The majority of organizations still manage this part of their business in fire-fighting mode, scrambling to react to service problems as they pop up. Service is viewed primarily as a cost center.

This approach contrasts starkly with that of the service logistics leaders who manage service as a growth engine and profit center.

“These companies leverage service to generate new business and drive revenue,” says Servigistics’ Hinkle. “They collaborate extensively with dealers, distributors, and other supply chain partners. They conduct proactive market planning, analyze contract and new business profitability, and devote sales and market resources accordingly. They focus on pricing optimization.”

Turning service into a growing profit center requires a shift in focus.
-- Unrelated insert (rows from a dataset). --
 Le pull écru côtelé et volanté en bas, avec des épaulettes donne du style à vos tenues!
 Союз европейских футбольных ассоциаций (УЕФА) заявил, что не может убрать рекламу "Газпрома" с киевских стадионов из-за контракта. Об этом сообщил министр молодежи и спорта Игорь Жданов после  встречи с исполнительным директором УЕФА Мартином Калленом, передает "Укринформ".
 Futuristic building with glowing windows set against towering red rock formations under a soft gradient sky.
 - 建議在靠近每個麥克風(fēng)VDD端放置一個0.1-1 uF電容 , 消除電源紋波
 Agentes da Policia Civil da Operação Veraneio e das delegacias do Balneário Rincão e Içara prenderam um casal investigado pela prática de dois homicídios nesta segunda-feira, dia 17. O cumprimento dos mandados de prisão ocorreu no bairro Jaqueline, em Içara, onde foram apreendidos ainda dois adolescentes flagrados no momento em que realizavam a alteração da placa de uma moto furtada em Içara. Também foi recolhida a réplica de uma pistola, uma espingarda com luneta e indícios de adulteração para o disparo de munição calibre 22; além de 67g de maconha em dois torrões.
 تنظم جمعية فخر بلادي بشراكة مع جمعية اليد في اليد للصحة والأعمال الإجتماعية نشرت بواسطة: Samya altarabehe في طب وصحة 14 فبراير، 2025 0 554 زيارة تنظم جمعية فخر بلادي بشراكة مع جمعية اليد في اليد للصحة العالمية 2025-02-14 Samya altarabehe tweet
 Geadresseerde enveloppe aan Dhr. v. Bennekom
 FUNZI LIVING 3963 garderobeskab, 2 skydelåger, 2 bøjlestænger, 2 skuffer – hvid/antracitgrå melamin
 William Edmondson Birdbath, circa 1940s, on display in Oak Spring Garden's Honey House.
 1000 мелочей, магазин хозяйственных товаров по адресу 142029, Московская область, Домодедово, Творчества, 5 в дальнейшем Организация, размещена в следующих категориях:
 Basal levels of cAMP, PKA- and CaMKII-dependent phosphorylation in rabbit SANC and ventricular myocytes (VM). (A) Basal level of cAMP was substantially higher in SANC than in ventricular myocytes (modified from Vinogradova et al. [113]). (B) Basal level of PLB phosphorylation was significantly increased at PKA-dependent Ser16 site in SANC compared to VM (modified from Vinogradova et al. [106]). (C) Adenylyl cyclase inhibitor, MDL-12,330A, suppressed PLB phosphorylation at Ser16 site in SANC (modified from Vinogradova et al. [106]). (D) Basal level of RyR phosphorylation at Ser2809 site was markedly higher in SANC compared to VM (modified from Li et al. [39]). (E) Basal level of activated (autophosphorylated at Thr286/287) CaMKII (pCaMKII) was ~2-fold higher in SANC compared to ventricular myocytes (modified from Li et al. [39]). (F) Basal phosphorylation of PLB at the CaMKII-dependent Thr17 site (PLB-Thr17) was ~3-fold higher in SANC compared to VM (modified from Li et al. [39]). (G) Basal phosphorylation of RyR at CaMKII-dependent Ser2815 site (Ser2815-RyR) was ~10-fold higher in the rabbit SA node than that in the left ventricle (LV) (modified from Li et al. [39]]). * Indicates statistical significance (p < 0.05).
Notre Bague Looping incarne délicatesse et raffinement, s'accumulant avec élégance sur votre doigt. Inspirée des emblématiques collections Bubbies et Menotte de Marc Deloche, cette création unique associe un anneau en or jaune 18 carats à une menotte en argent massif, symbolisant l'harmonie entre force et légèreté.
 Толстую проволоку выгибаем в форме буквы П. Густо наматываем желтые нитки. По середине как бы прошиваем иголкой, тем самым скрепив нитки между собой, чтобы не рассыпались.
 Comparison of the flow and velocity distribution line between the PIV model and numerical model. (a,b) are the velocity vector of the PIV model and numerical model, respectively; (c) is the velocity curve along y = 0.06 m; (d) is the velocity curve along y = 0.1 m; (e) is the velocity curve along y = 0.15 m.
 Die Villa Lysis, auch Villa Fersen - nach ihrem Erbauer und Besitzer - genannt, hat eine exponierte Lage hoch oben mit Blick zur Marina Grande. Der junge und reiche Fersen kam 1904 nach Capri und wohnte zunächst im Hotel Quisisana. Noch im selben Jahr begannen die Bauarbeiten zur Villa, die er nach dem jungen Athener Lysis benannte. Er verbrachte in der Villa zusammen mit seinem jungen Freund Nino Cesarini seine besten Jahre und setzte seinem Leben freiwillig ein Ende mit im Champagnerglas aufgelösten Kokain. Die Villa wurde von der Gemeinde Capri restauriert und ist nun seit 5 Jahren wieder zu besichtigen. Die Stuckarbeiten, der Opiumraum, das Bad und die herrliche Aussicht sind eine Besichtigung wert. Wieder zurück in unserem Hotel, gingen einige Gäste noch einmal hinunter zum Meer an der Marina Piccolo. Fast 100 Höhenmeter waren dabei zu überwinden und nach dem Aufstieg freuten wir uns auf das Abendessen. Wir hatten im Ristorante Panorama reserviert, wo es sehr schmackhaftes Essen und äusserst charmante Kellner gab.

Everything a company provides after the sale—spare parts replacement, professional services, help desks, warehousing, product recalls, and field technicians, among others—needs to be managed as an integrated whole.

“A company that institutes a first-rate service management capability can increase its service revenues between 10 percent and 20 percent,” says the Accenture article. “Moreover, by making its service functions more efficient, a company can reduce operating expenses by 15 percent to 30 percent.

“Finally,” the article explains, “the knowledge gained by the service organization, which is in constant contact with the company’s customers, can be fed back into the manufacturing organization to help it make better products. And better products translate into a 10 percent to 20 percent reduction in warranty expenses.

“In addition, because fewer faulty products will be sold, the company will not need to field-test as much equipment, which can help reduce capital expenditures by anywhere from 10 percent to 25 percent.”

It may be time for your company to discover the hidden opportunities in service parts logistics.